The air smelled of tobacco smoke, expensive perfume, mezcal, and the particular confidence of people who believed money made consequence optional.

Mateo loved that smell.

He wore it like a second suit.

His actual suit was half ruined by midnight.

The jacket hung open, his tie was missing, and his shirt collar carried a faint stain from Valeria’s lipstick where she had leaned in too close and laughed too softly.

She sat curled against him as if the whole room had been arranged for her comfort.

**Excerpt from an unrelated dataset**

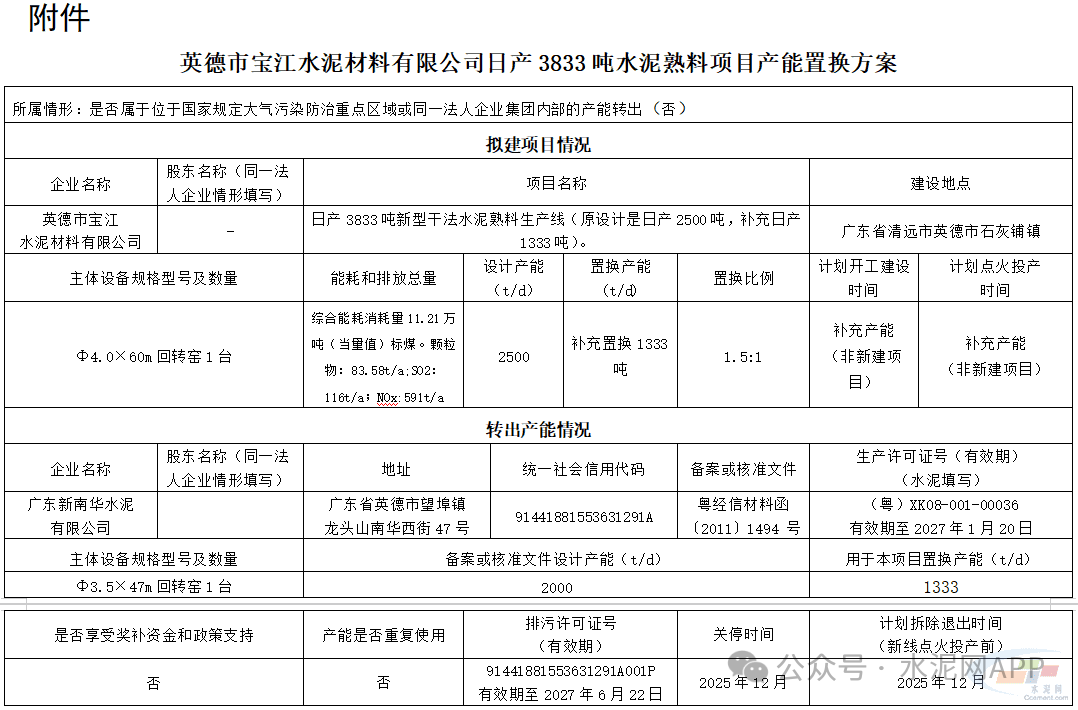 置換方案顯示,英德市寶江水泥2500t/d熟料線補充產能1333t/d,補充后產能為3833t/d,退出產能來自廣東新南華水泥有限公司一條2000t/d熟料生產線,置換比例1.5:1。

One manicured hand rested on his chest.

The other circled the rim of a champagne flute she had barely touched.

Mateo wanted everyone watching.

He had always wanted that.

When he married Camila, he had wanted the cathedral full, the photographers outside, the business papers calling it the union of two elegant families.

He had wanted her beauty, her name, her quiet loyalty, and the way she softened a room without ever needing to dominate it.

Camila had mistaken that attention for love at first.

She learned slowly.

Love asks how you are when nobody else is listening.

Performance asks whether the room can see what it owns.

By the time she was eight months pregnant, Camila understood the difference, but understanding did not make her less trapped inside it.

The mansion in the most exclusive part of the city was in Mateo’s name.

The gate codes were on Mateo’s phone.

The emergency contact forms from Clínica Santa Elena listed Mateo first because he had insisted on it during the hospital tour two weeks before the fall.

He had stood beside her in the maternity wing with one hand on the small of her back and told the nurse, smiling, that he would never be unreachable.